We’re starting to embrace our status as your favorite thought leader’s favorite thought leader. We happen to know at least a few of you, our Highest Order Readers, wield a great deal of influence in your respective Twitter spaces. And we’ve seen some of our more out-there ideas pop-up on your timelines — uncredited, of course. Look, we’re not bitter. To our considerably oversized egos, ’tis but a flesh wound. Still, we’re thinking it might be time to double down on our questionable habit of rebranding crypto concepts in our own image. What better way to stake our claim to an idea than by assigning it an acronym so asinine, only we could’ve coined it?
Without further ado, we’d like to introduce: DUMaaS. It stands for Decentralized-User-Management-as-a-Service, and it’s a fitting title for the VCs who are so blood-thirstily lusting after this emerging industry. We’ve been lowkey teasing the DUMaaS reveal for a while now, in our discussions of online identity and the problems it faces on the blockchain. And, indeed, DUMaaS is the perfect term for the increasingly frequent attempts at using web3 to solve them.
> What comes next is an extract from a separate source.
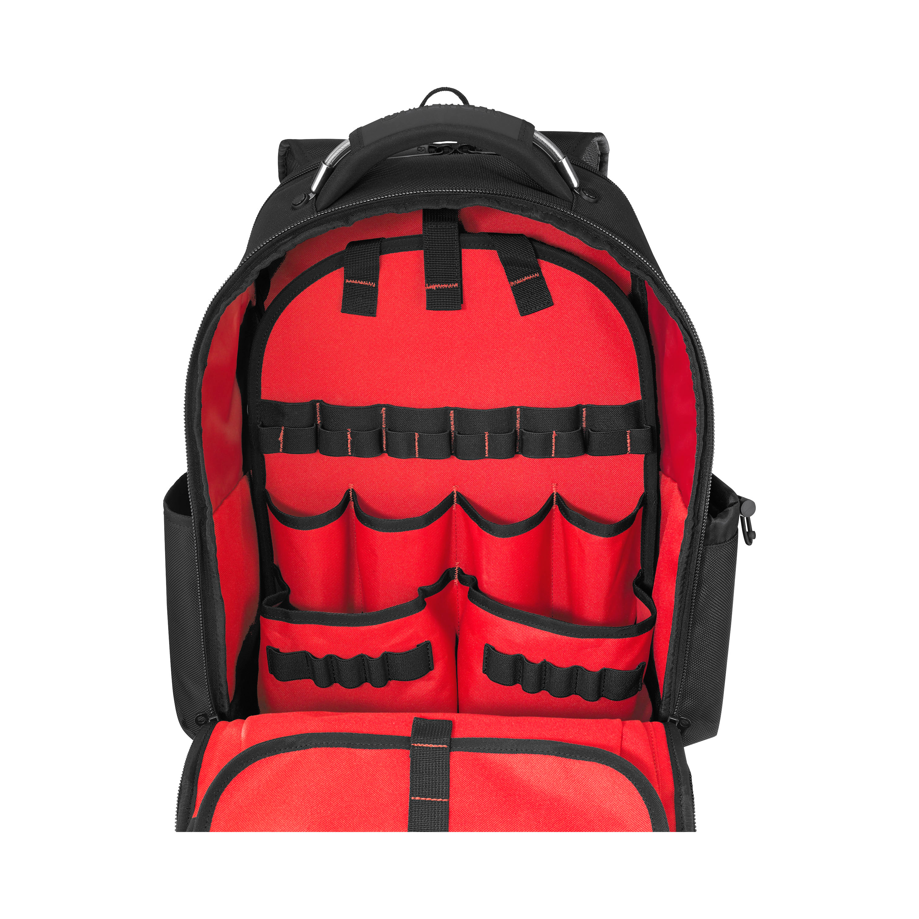 Avec le Tool Backpack Pro pour les plombiers et les installateurs, les techniciens et les spécialistes du bâtiment, chaque tâche est accomplie avec facilité. Le sac à dos pour outils a un matériau extérieur principal robuste, fabriqué à partir de bouteilles en PET recyclées, un compartiment pour ordinateur portable 17 ″, un compartiment principal spacieux avec un porte-outils amovible, un compartiment à lunettes incassable et plusieurs compartiments pour les petits objets. Qu'il s'agisse de marteaux, de tournevis, de câbles ou de mètres rubans, vous avez tout à portée de main dans ce sac à dos. Restez connecté en route grâce au port USB intégré. Le rembourrage dorsal respirant et les bretelles Comfort-Fit assurent le confort nécessaire. Grâce aux fermetures à glissière verrouillables du compartiment principal et au fond dur moulé en EVA, vous pouvez être sûr que le Tool Backpack Pro fera passer votre travail au niveau supérieur.

Decentralized-User-Management-as-a-Service is an industry we define as: developing software to enable communities to provide individuals with support to manage their individual and collective legal identities online. (Now throw a ‘permissionless’ or ‘ownership’ in there somewhere and Guy Oseary will throw you a couple M’s, guaranteed.)
DUMaaS is a response to the fact that large technology companies have abused their data silos by means of negligent profiteering. It’s also a response to the emergence of a decentralized cloud internet powered by blockchain and other web3 technologies. Given the complex nature of the private public key system, the need to run scripts, and a bunch of other technical shit I don’t have the bandwith to go into here, we believe it’ll be incredibly important for a community-oriented system to arise, allowing consumers to share and distribute risk so they can access the full benefits of decentralized technology without needing to be technophiles themselves.
In theory, DUMaaS could also service the need for accountability in managing the 1:1 relationship between an individual’s IRL self and their Internet identity. An ideal DUMaaS platform would provide reputation-backed KYC by allowing, essentially, self-moderation. A series of decentralized communities supported by the platform would be empowered to establish their own rules for governance and membership, with the capability to remove bad actors or reform them to comply. The reputation of the community as a whole would be displayed public, while individual actors retain the right to remain anonymous online, held accountable by those they trust, in private.
And, if entire communities decided to tank their reputations (looking at you, every other subreddit) their collective reputation would be signaled to others, and their members could be identified pseudonymously and avoided. By utilizing an established range like Dunbar’s number, communities could remain small and intimate enough for the reputation management to be effective in maintaining appropriate behaviors of individuals online.
Of course, that’s just our proposed solution. Other DUMaaS attempts include scanning eyeballs, handing our biometric data off to robots, and talking a big game without proposing any solution whatsoever. Personally, we prefer our own. Only because we’re egotists, though. Or because we want to avoid the technofascist fiefdom every sci-fi writer and their mothers predicted for our future, but hey. Why listen to us? I mean, just look at our track record.